The 7th-inning balloons

The 7th-inning stretch at a Tigers game means balloons. Everyone inflates a yellow balloon and launches it at once. I'd bought us a couple ahead of time, along with the little pump you use to fill them.

The yellow balloons and the pump used to inflate them

When they all go up together it's genuinely something to see.

Thousands of yellow balloons released during the 7th-inning stretch

A gift from the couple behind us

I'd read that it's a tradition for fans to share food at the game, and we got to experience it firsthand. The older couple seated behind us handed us a "pole weiner" — a small hot dog wrapped in plastic — and a Miyako Konbu, a vinegared kelp snack, as a kind of peace offering. We thought that was such a generous, specific gesture.

The Miyako Konbu vinegared kelp snack

The actual game: down 7-0, then a walk-off

This happened to be one of the most exciting games I've ever been to.

The Tigers fell behind 7-0. The pitching was rough early, and the Chunichi Dragons were feeling themselves. Then the game flipped: a four-run 7th inning, three more in the 8th. Here's the game-tying hit.

The Koshien scoreboard showing the Tigers' comeback

And then, in the bottom of the 9th, Shota Morishita hit a walk-off home run to win it. The whole stadium came apart. There's video of it on Reddit if you want to see the moment.

We're Japanese baseball fans now

We loved it, full stop. We walked out considering ourselves real Japanese baseball fans, and I half-seriously told Kristine we should find a US cable package that carries NPB.

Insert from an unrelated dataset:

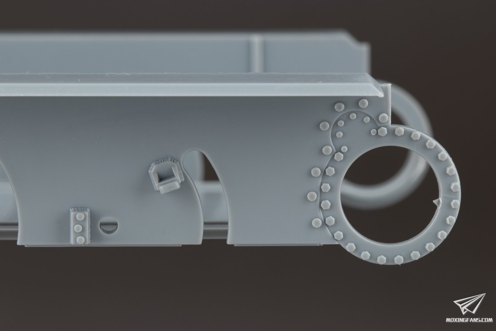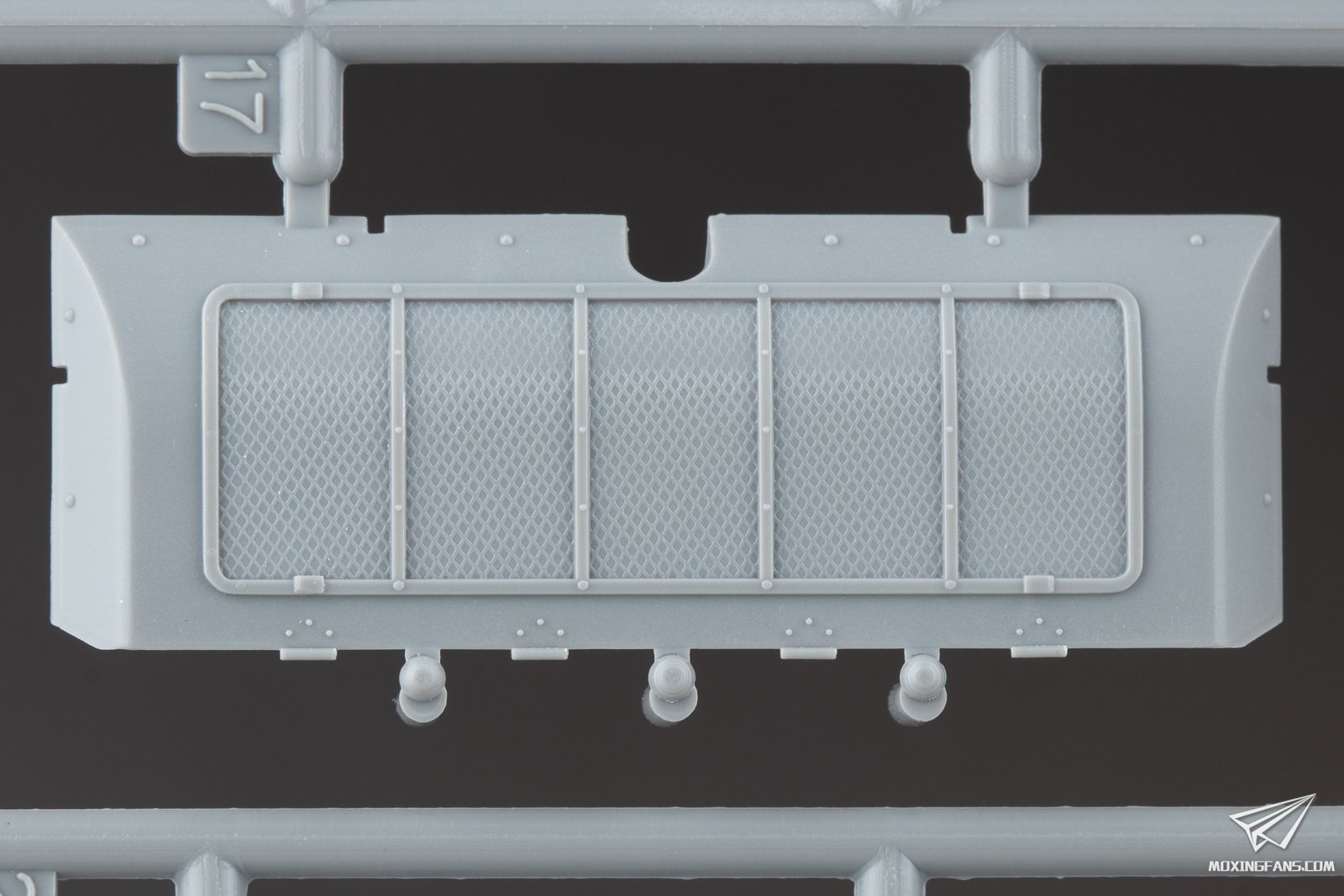 ▼ 车体主要零件的细节。上车体跟1942年型交错咬合的装甲不同,这款的钢板之间是直线焊接的,焊线表现跟之前的产品处于一致水准。其他零件,比如2种可选的防爆网得以保留。

One last detail: as we got back on the train after the game, a group of Japanese men asked where we were from. When I said Chicago, they immediately lit up — "Seiya! Seiya!" — for Seiya Suzuki, the Cubs outfielder. Baseball is hard to escape here. The Japanese sports channels broadcast West Coast MLB games late at night, especially the Dodgers, so the sport is just always on, in both directions.